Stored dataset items

-- Opening Marker --

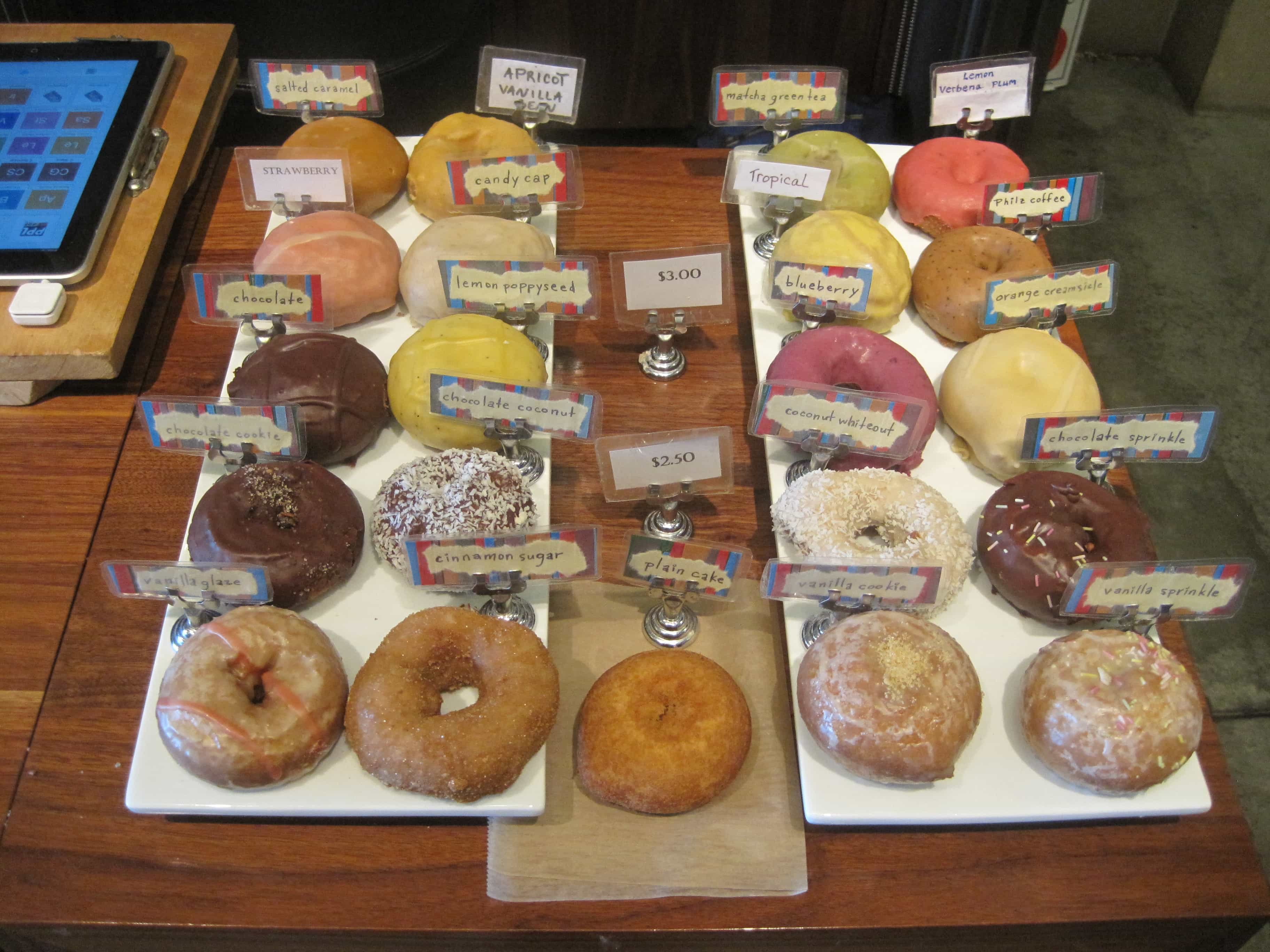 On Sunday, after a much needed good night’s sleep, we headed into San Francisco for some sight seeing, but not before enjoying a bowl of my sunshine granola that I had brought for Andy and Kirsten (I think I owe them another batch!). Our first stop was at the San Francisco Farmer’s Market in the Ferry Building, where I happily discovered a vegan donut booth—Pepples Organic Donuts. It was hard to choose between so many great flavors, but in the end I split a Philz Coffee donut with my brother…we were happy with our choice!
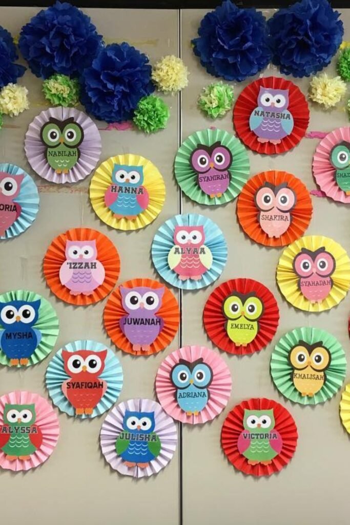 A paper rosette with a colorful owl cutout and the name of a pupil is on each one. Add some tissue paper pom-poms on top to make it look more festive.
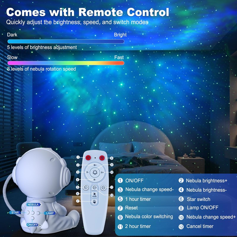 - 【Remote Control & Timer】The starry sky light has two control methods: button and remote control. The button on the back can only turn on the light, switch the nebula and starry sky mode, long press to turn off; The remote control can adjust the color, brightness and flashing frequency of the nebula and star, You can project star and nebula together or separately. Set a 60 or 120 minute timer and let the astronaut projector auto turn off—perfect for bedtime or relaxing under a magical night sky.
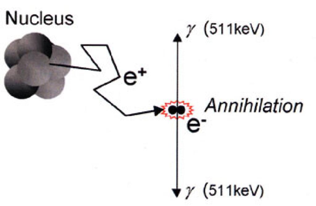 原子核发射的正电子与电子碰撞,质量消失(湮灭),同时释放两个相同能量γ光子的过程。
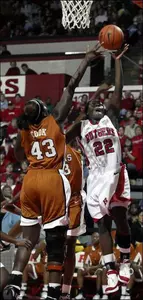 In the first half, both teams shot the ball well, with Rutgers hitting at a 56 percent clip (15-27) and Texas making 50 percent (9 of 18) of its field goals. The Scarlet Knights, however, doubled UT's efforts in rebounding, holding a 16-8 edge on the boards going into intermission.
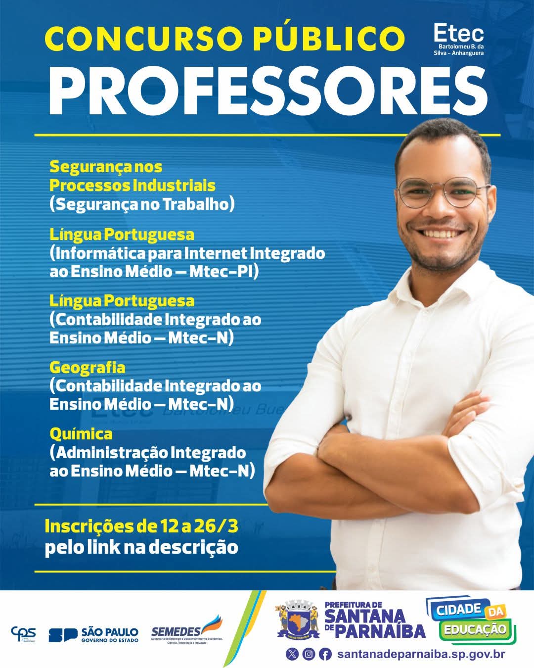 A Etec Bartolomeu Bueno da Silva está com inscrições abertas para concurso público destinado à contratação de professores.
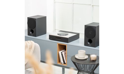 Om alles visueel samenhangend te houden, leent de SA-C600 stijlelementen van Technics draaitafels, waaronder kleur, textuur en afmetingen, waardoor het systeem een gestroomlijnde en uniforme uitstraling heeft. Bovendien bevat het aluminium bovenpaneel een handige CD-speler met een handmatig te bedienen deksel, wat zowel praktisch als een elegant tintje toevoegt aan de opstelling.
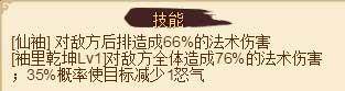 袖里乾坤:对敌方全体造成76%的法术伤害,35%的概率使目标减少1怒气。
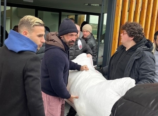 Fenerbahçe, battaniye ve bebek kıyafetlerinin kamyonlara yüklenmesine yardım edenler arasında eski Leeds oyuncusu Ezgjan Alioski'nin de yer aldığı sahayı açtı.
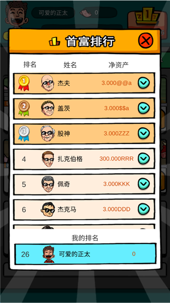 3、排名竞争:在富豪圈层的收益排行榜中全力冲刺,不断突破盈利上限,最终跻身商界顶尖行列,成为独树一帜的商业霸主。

-- Closing Marker --

Exercise goal =>
From the line with "A Etec Bartolomeu" down to the last line of the entries above, set down every line exactly, apart from the pictures.

Exercise solution =>
 A Etec Bartolomeu Bueno da Silva está com inscrições abertas para concurso público destinado à contratação de professores.
 Om alles visueel samenhangend te houden, leent de SA-C600 stijlelementen van Technics draaitafels, waaronder kleur, textuur en afmetingen, waardoor het systeem een gestroomlijnde en uniforme uitstraling heeft. Bovendien bevat het aluminium bovenpaneel een handige CD-speler met een handmatig te bedienen deksel, wat zowel praktisch als een elegant tintje toevoegt aan de opstelling.
 袖里乾坤:对敌方全体造成76%的法术伤害,35%的概率使目标减少1怒气。
 Fenerbahçe, battaniye ve bebek kıyafetlerinin kamyonlara yüklenmesine yardım edenler arasında eski Leeds oyuncusu Ezgjan Alioski'nin de yer aldığı sahayı açtı.
 3、排名竞争:在富豪圈层的收益排行榜中全力冲刺,不断突破盈利上限,最终跻身商界顶尖行列,成为独树一帜的商业霸主。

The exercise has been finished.